Pişmiş topraktan yapılmış olan tanrı ve tanrıça heykelleri, büstler, mermer heykeller, gümüş ve bronz sikkeler, altın varak, amphoralar gibi eserler sergilenmektedir. Ayrıca Ildırı köyünde bulunan Erythrai antik şehrinde yapılan kazı ve araştırmalar sonucunda ortaya çıkarılan askeri ve sivil yapıları bulundukları yerde sergilenmekte ve ücretsiz olarak ziyaret edilebilmektedir.
İzmir
Türkiye’nin üçüncü büyük kenti olan İzmir; çağdaş ve gelişmiş bir kent olmasının yanı sıra önemli bir kültür, sanat, turizm ve ticaret merkezidir. Ege Denizi, lacivertten turkuaza mavinin tüm renklerine hakim koyları ve plajlarıyla bir dantel zarafetinde ilin batı kıyısı boyunca uzanır.
“Güzel İzmir” olarak da adlandırılan İzmir; 8500 yıllık tarihi ile Anadolu yarımadasının batısında uzun ve dar bir körfezin başlangıcında yer alır. Antik Dönem’in ünlü tarihçisi Herodot, tipik Akdeniz ikliminin yaşandığı kenti binlerce yıl öncesinde; “Onlar kentlerini bizim yeryüzünde bildiğimiz en güzel gökyüzü ve en güzel iklimlerinde kurdular…” ifadesiyle tanımlamıştır.

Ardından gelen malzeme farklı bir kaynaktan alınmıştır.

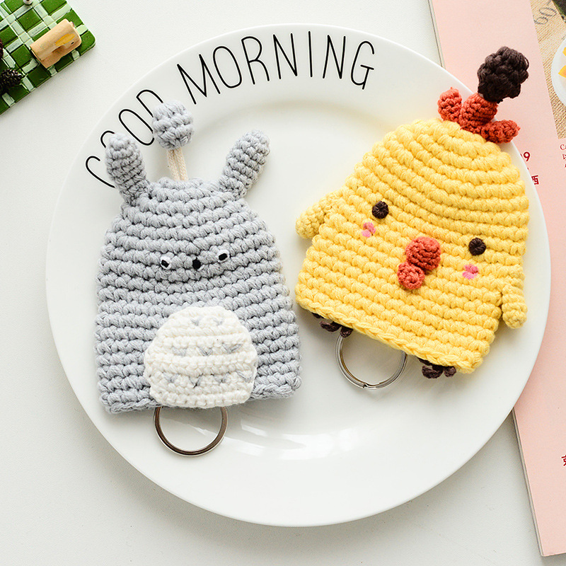 Factory direct hand-woven key protective cover Pig cartoon wool knitted cute car key bag

Şehrin güneyinde yer alan Efes ve kuzeyinde yer alan Bergama, Antik Çağ’ın en büyük ve en ünlü kentleri arasında yer almaktaydı. Tüm İyon kültürünün zenginliklerini bünyesinde barındıran bu kentler yoğun sanatsal, kültürel, ticari ve dini etkinliklerle de adını duyuruyordu. Günümüzde de dünyaca bilinen Efes ve Bergama Antik Kentleri tarih meraklıları için büyüleyici birer çekim merkezidir. Şairlerin ustası Homeros’un doğduğu yer olan İzmir, Anadolu’nun hızla değişen tarihi ile Ege’nin renkli tarihinin bir harmanıdır. Kent, modern Türkiye’nin batıya açılan çağdaş yüzü olarak kültür, sanat, turizm, ticaret ve sanayi alanlarındaki gelişimini hızla sürdürmektedir.

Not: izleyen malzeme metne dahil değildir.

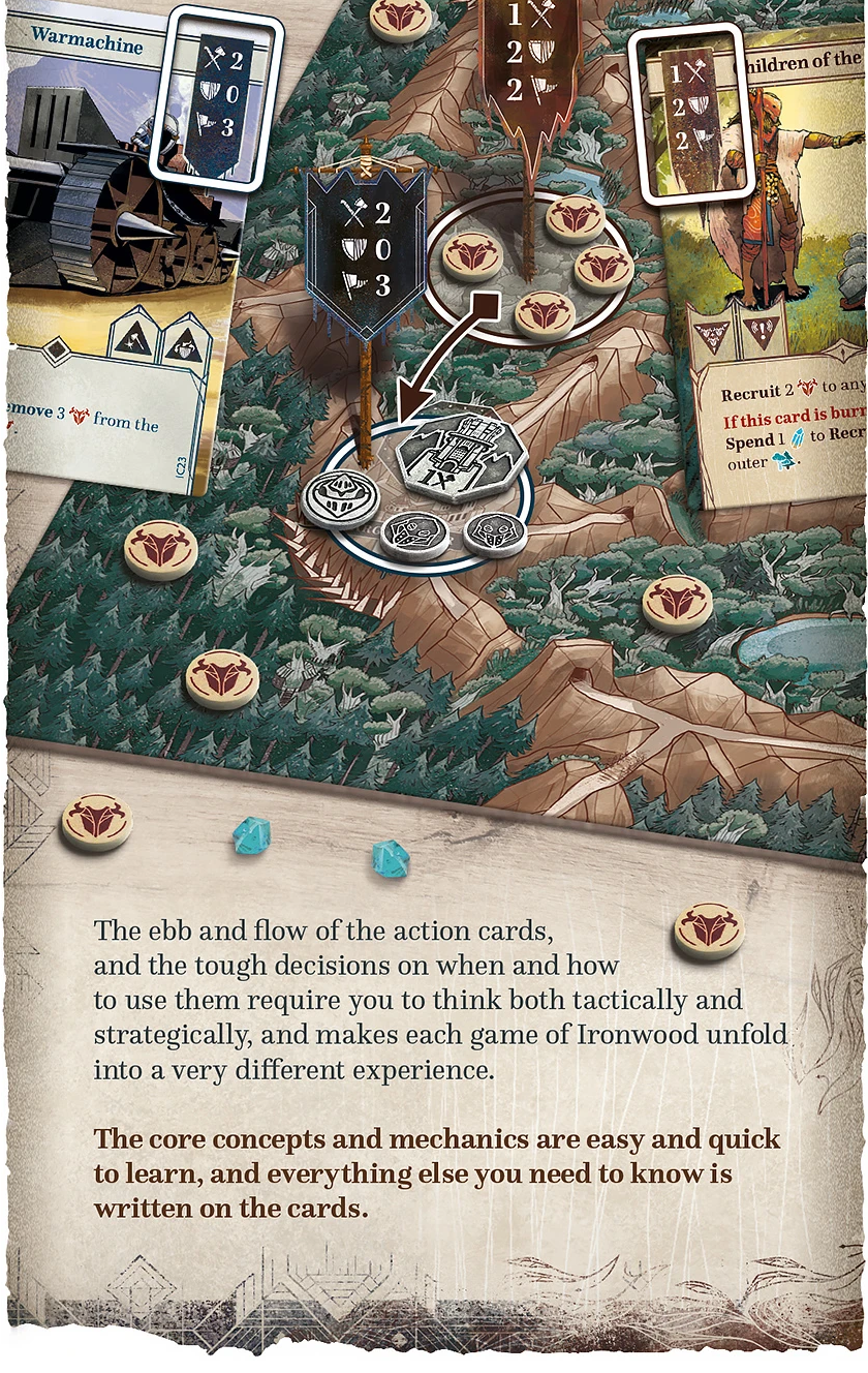 Ironwood is a rules-light, highly asymmetric, card-driven tactical game for 1-2 players. Each round, you and your opponent alternate playing a total of 3 of your faction-specific cards for their action effects. These effects include positioning your warbands, initiating combat, extracting crystals, bestowing temporary passive effects, and many more. When combat occurs, you will use the same cards for their combat values instead, in a simultaneous bid to gain combat bonuses, inflict and fend off casualties, and augment the Dominance value of your warbands to win the combat.

İzmir; Tepekule(Bayraklı), Symrna, Efes, Pergamon(Bergama), Teos (Sığacık), Lebedos (Ürkmez), Kyme (Aliağa), Allianoi (Yortanlı), Thyrea (Tire), Phokaia (Foça), Kolophon (Değirmendere), Erythrai (Çeşme), Klazomenai (Urla), Metropolis (Torbalı), Claros (Ahmetbeyli) ve Myrina (Aliağa) gibi tarihte hüküm sürmüş olan uygarlıkların yaşadığı topraklara ve hâlâ gün yüzüne çıkmamış pek çok uygarlık merkezinin miraslarına sahip binlerce yıllık yerleşim yeridir.
İzmir tarihin her döneminde insan sağlığına hizmet etmiş dünyaca bilinen Agamemnon, Asklepion, Allianoi, Karakoç ve Çeşme-Şifne, Ilıca vb. şifa merkezleri ile günümüzde de özellikle İskandinav ülkelerinden ve dünyanın her yerinden gelen ziyaretçilerine sağlıklı yaşam alternatiflerini sunan ve potansiyeli çok yüksek olan sağlık ve termal turizm merkezidir.